When removed again four years later by Joe Biden, the UK government took a rather more relaxed view than during Obama’s administration. “The Oval Office is the president’s private office, and it’s up to the president to decorate it as he wishes,” then-prime minister Boris Johnson’s official spokesperson told The Guardian.
Now, following Trump’s second inauguration, the GAC’s sculpture appears once again to have been returned to the president’s office. The White House collection’s example, meanwhile, is reportedly still within the private quarters of the official residence.

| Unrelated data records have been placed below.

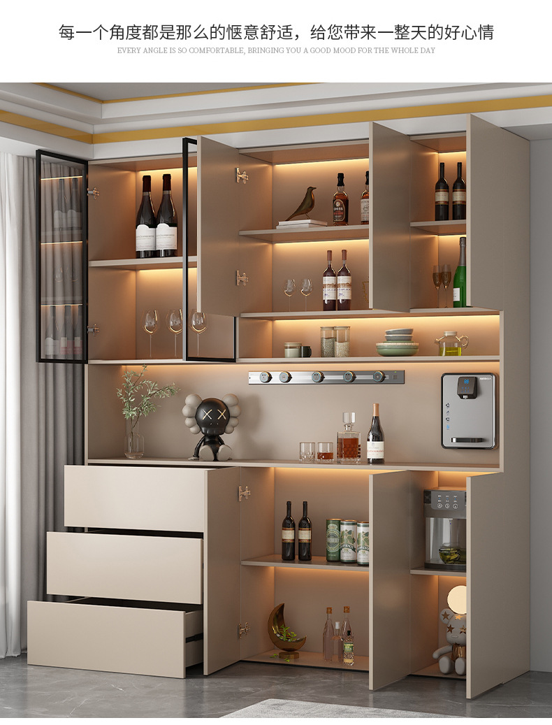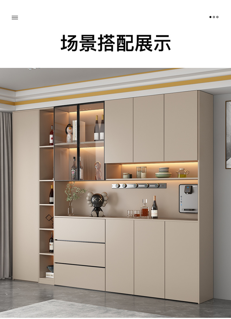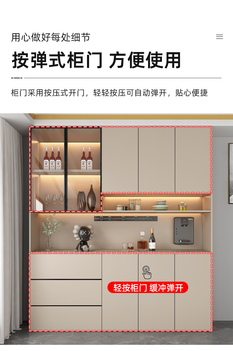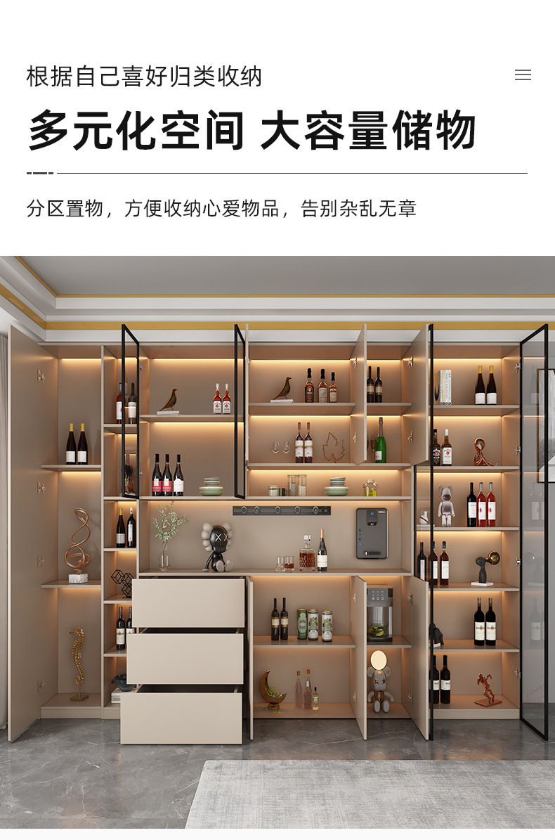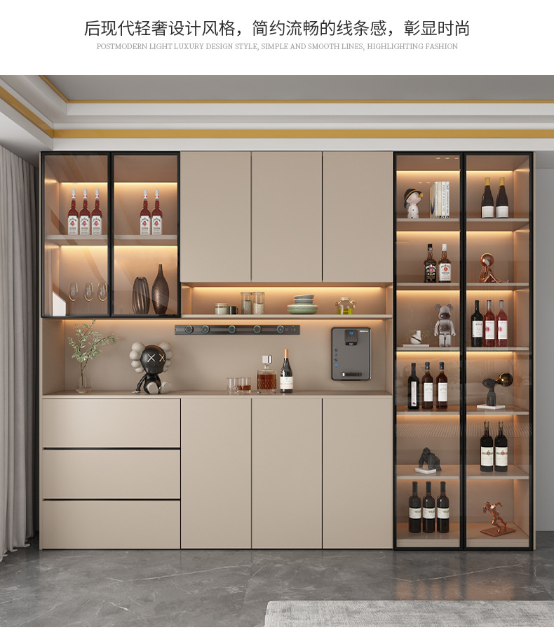 Lemari samping dinding tinggi, terintegrasi dengan dinding, dapat disesuaikan untuk ruang tamu dan ruang makan, lemari penyimpanan, lemari anggur minimalis modern, lemari pintu masuk, ganda.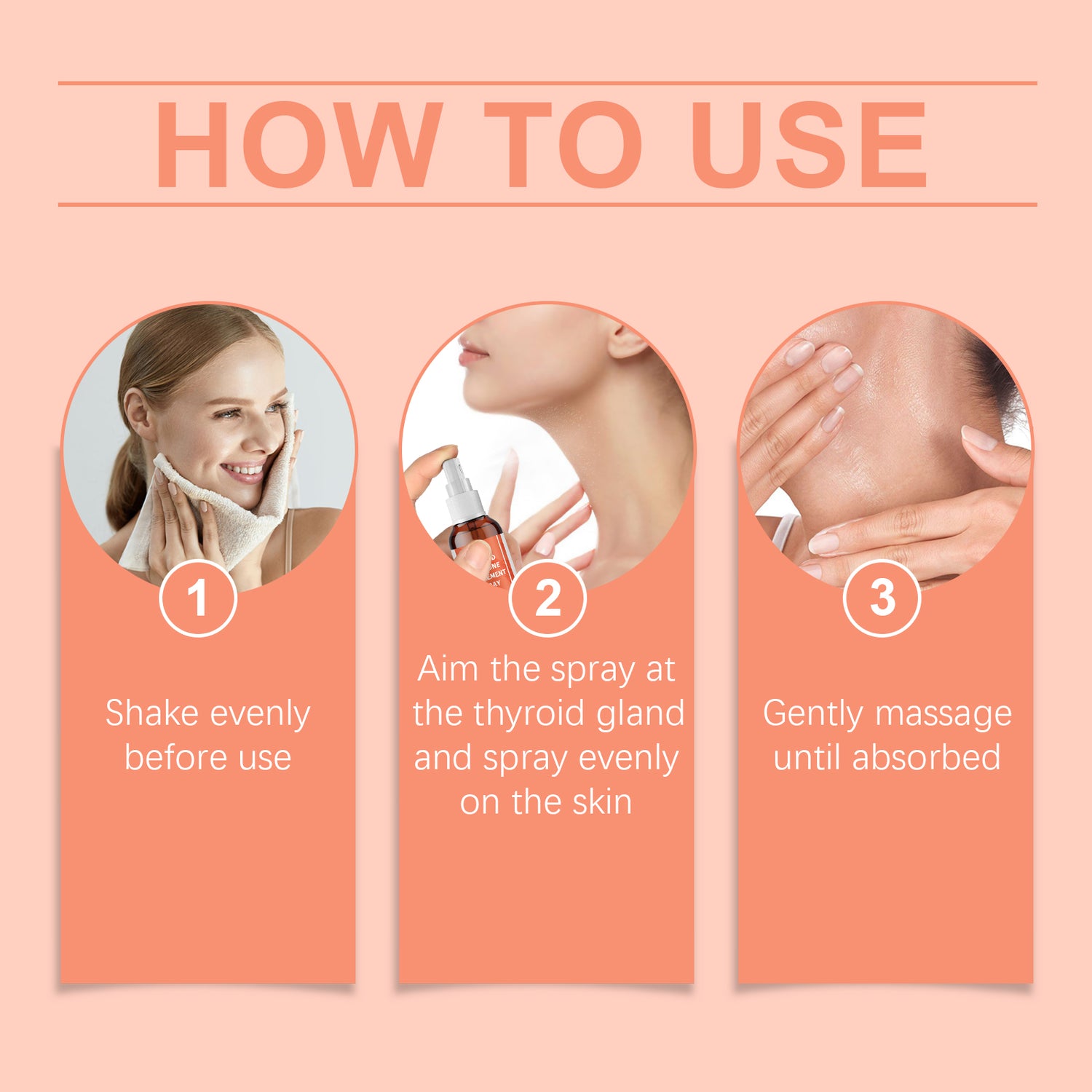 Our body care supplement spray contains black pepper extract, peppermint extract, mugwort extract. It can promote the blood circulation of the skin, enhance the vitality of the skin, and show a healthy glow. Relieve muscle fatigue and rejuvenate. Its use method is very simple: 1. Shake evenly before use; 2. Aim the spray at the thyroid gland and evenly spray on the skin; 3. Gently massage until absorbed. Continuous release of active ingredients that help burn fat throughout the day. Easy to use, no extra time required, perfect for busy lives.
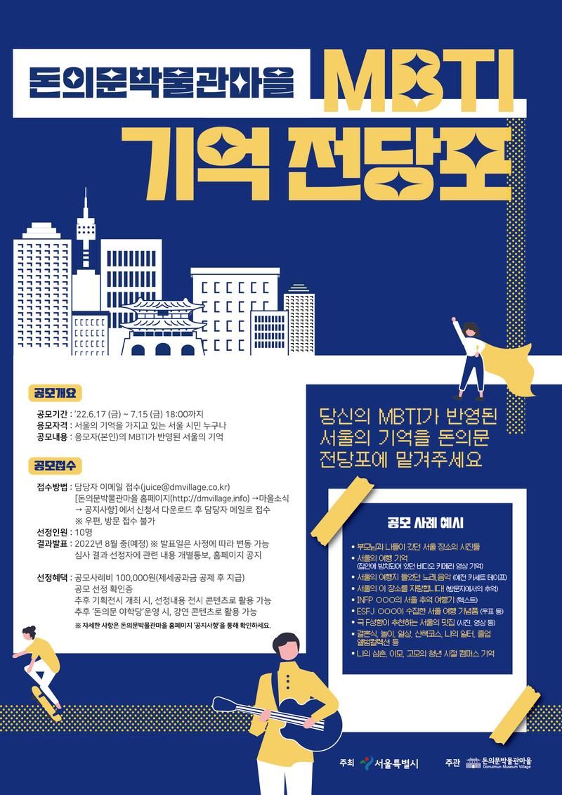돈의문 박물관마을에서는 본인의 MBTI가 반영된 서울의 기억을 공모받습니다.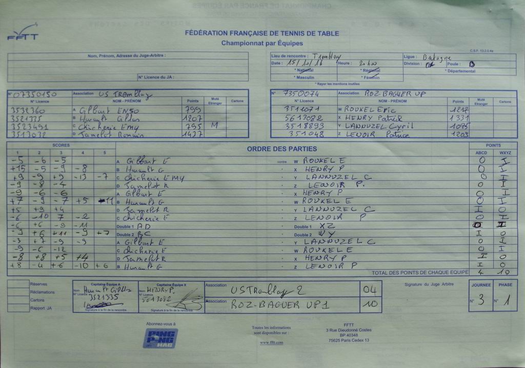 | Détails | Equipe 2 | Division 1 – Poule D | Défaite | 10-4 contre Roz-Baguer UP 1 |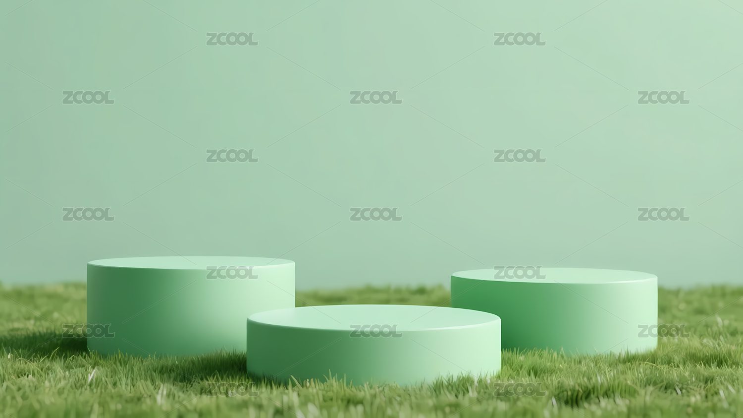绿色圆形平台与草地的简约场景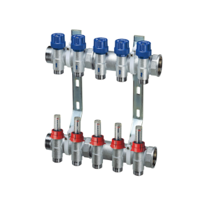 - Collettore di mandata completo di flussimetri con regolatori di portata per il corretto bilanciamento dei circuiti
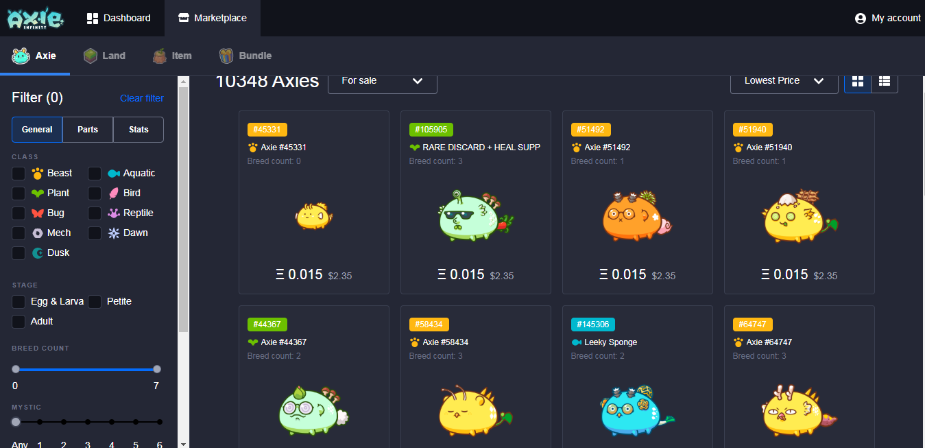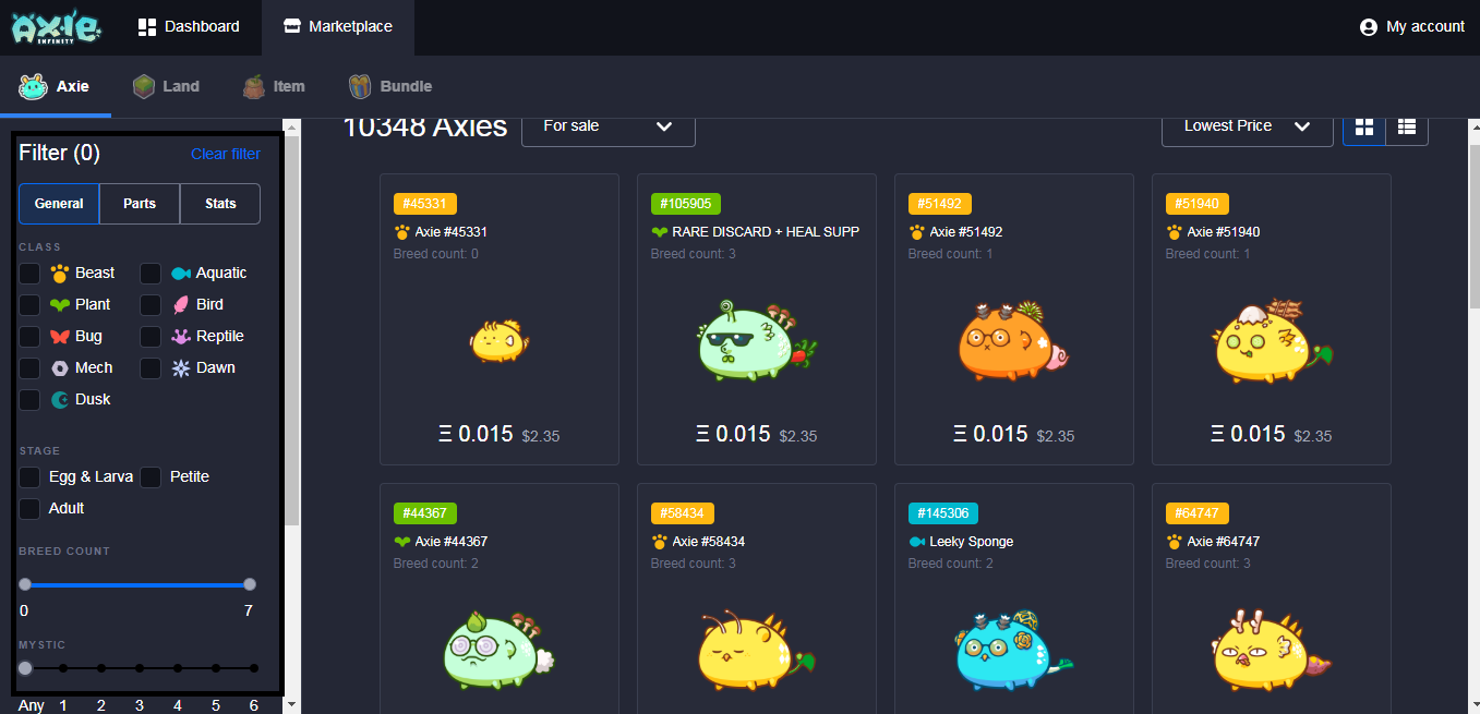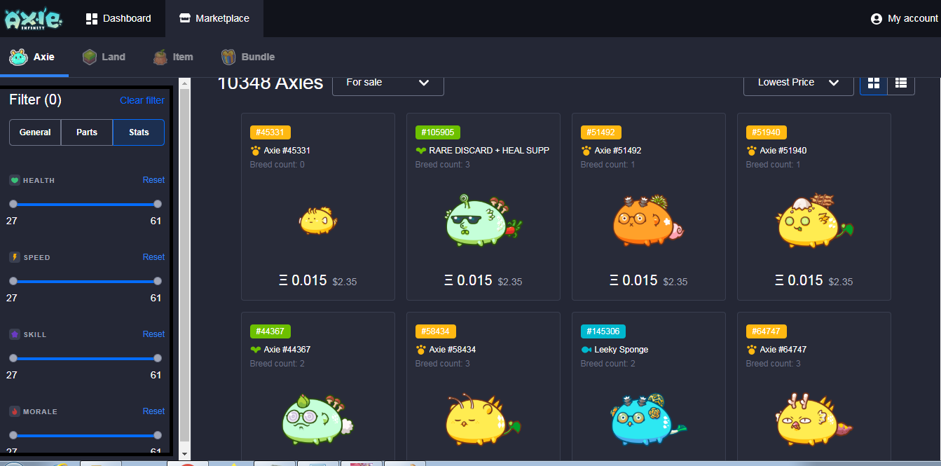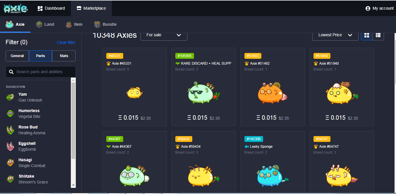 Luego de ellos solo deberás buscar tu axie de preferencia y comprarlos. Para batallar dentro del fabuloso mundo de axies infinito.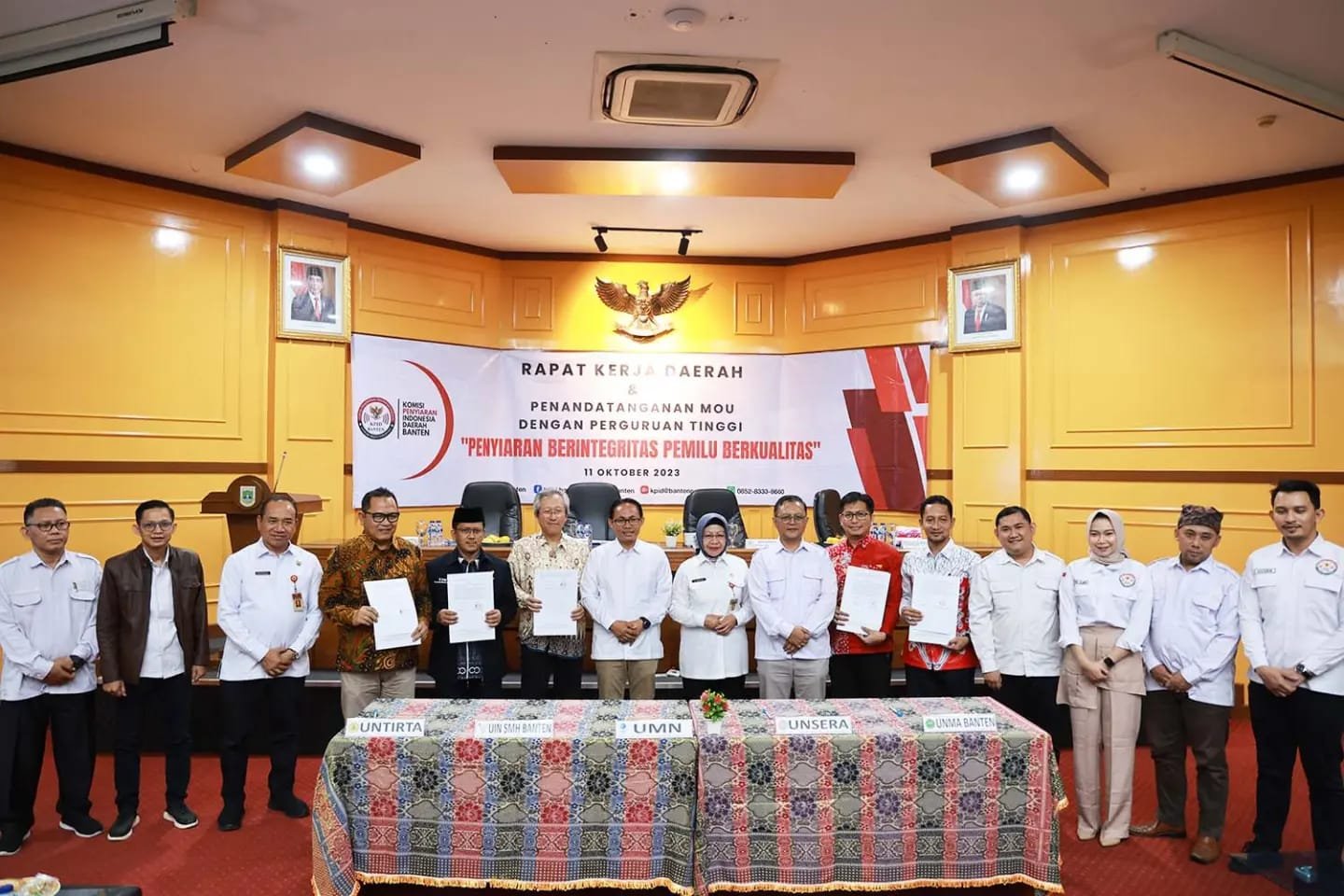 Hal itu diungkapkan Penjabat (Pj) Sekda Provinsi Banten Virgojanti saat acara Rapat Kerja Daerah dan Penandatanganan Memorandum of Understanding (MoU) dengan Perguruan Tinggi yang mengusung tema “Penyiaran Berintegritas Pemilu berkualitas” di Aula Bappeda, KP3B, Kota Serang, Rabu (11/10/2023).

What other works has Trump reinstated?
Trump has also returned the image of the US’s seventh president, Andrew Jackson—a figure remembered for his presidency, which included the forced relocation of Native American tribes through the Indian Removal Act, and his links to the slave trade—to the walls of the Oval Office. During Trump’s first tenure, a portrait of Jackson on loan from the US Naval Academy was on display. This time, the WSJ reports, the Jackson portrait has been drawn from the White House art collection.
A sculpture entitled The Bronco Buster by Frederic Remington (around 1895), which also graced Trump’s first Oval Office, sits under the Jackson painting. According to the White House Historical Association, the sculpture became “the most popular small American bronze sculpture of the 19th century and is still admired today”.
Also in Trump’s newly decorated office, a portrait of the first president George Washington hangs over the office fireplace. The work is flanked by portraits of Alexander Hamilton, the country’s first treasury secretary, and Thomas Jefferson, the third US president.
A bust of Martin Luther King Jr and a portrait of the 18th-century scientist and statesman Benjamin Franklin, both installed by Biden, remain. However, busts of the activists Rosa Parks and Cesar Chavez, also displayed by Biden, alongside a portrait of the longest serving US president, Franklin D. Roosevelt, do not appear in images from WSJ.